TITLE:
Teaching to the Test: Approaches to Teaching in Senior Secondary Schools in the Context of Curriculum Reform in China
AUTHORS:
Mingren Zhao, Baolong Mu, Chunping Lu
KEYWORDS:
Approaches to Teaching, High-Stakes Teaching, Senior Secondary School, China
JOURNAL NAME:
Creative Education,
Vol.7 No.1,
January
22,
2016
ABSTRACT: It has been proved in the past half century that high-stakes tests hinder more than promote instruction. The College Entrance Examination (CEE) in China has thus been in widely questioned. When it comes to curriculum reform this century, the question becomes how has curriculum reform been implemented in the classroom? What role does the CEE play in it? A qualitative study of three high schools of different levels in a city of central China shows that transmission classes emphasizing teachers’ cramming and students’ passive memorizing are predominant in classrooms, with about one-third of comprehensive classes based on constructivism.
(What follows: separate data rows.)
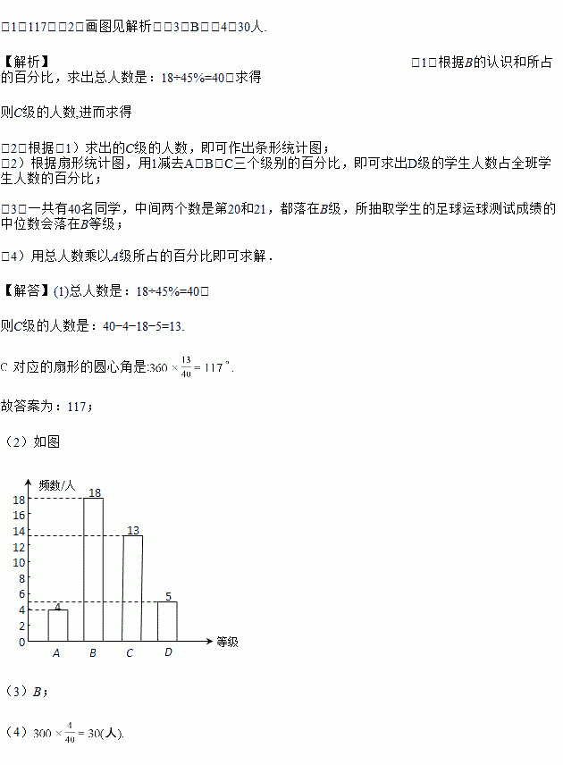 £¨3£©Ëù³éȡѧÉúµÄ×ãÇòÔËÇò²âÊԳɼ¨µÄÖÐλÊý»áÂäÔÚ_______µÈ¼¶£»
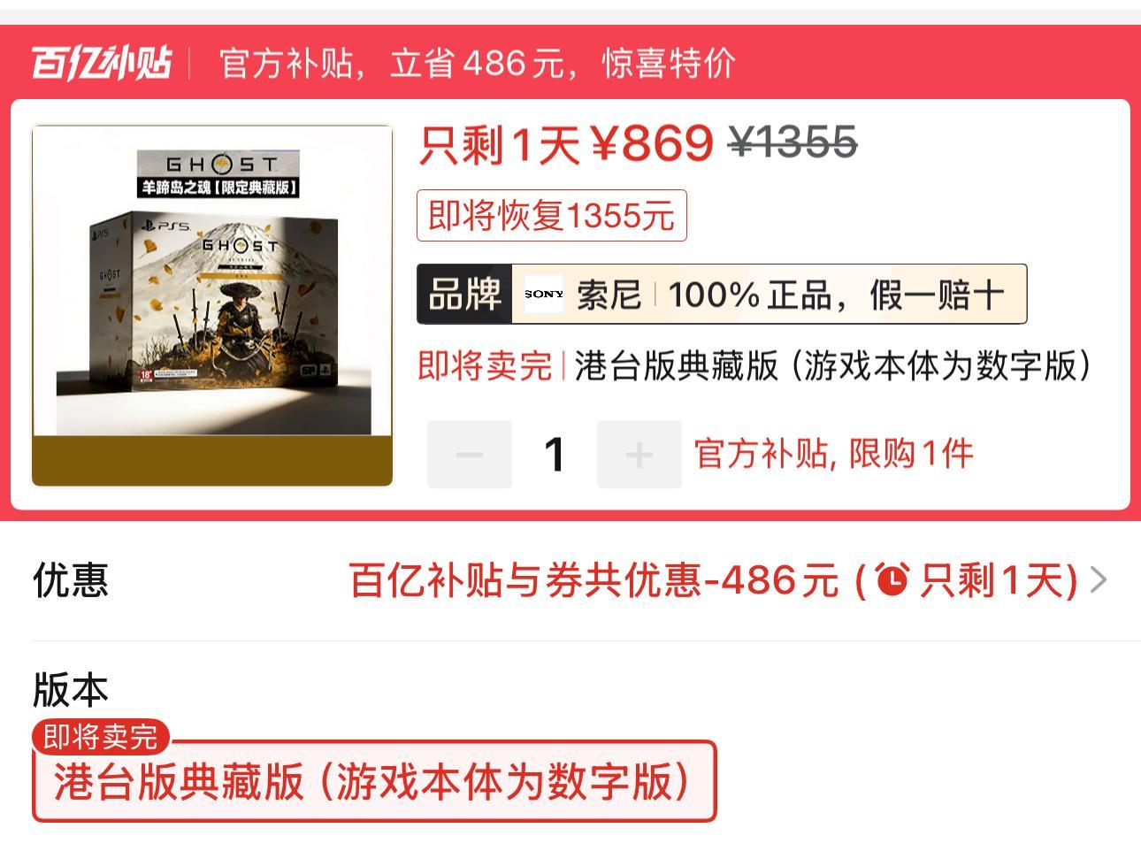 1.《羊蹄山之魂》PS5限定版869元全新包郵
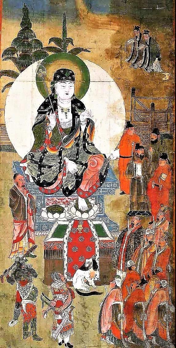金乔觉坐化,白犬亦随之傍息。故建寺连白犬同请供奉。金乔觉被佛门认定为地藏菩萨之应化,称金地藏。这只神犬也因是金乔觉的护身之物,被佛教尊称为神犬。神犬谛听晓佛理,通人性,避邪恶,视为吉祥的象征。
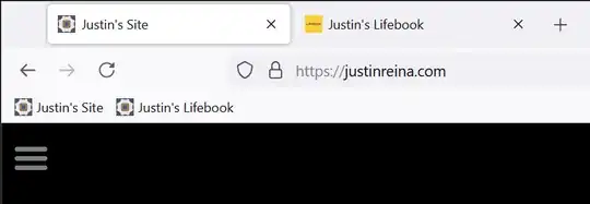 - Firefox shows the same justinreina.com/favicon.ico favicon for both sites

Transformative classes calling for students’ positive inquisition and comprehensive development are still highly unusual. The CEE is a “ferocious” controller of teaching and learning. Though instruction is, in some way, promoted by CEE reform, it still has a long way to go to break itself out from a test-oriented predicament. It is, then, necessary to launch a structural reform of the CEE, change the teachers’ beliefs and develop their competence in curriculum implementation.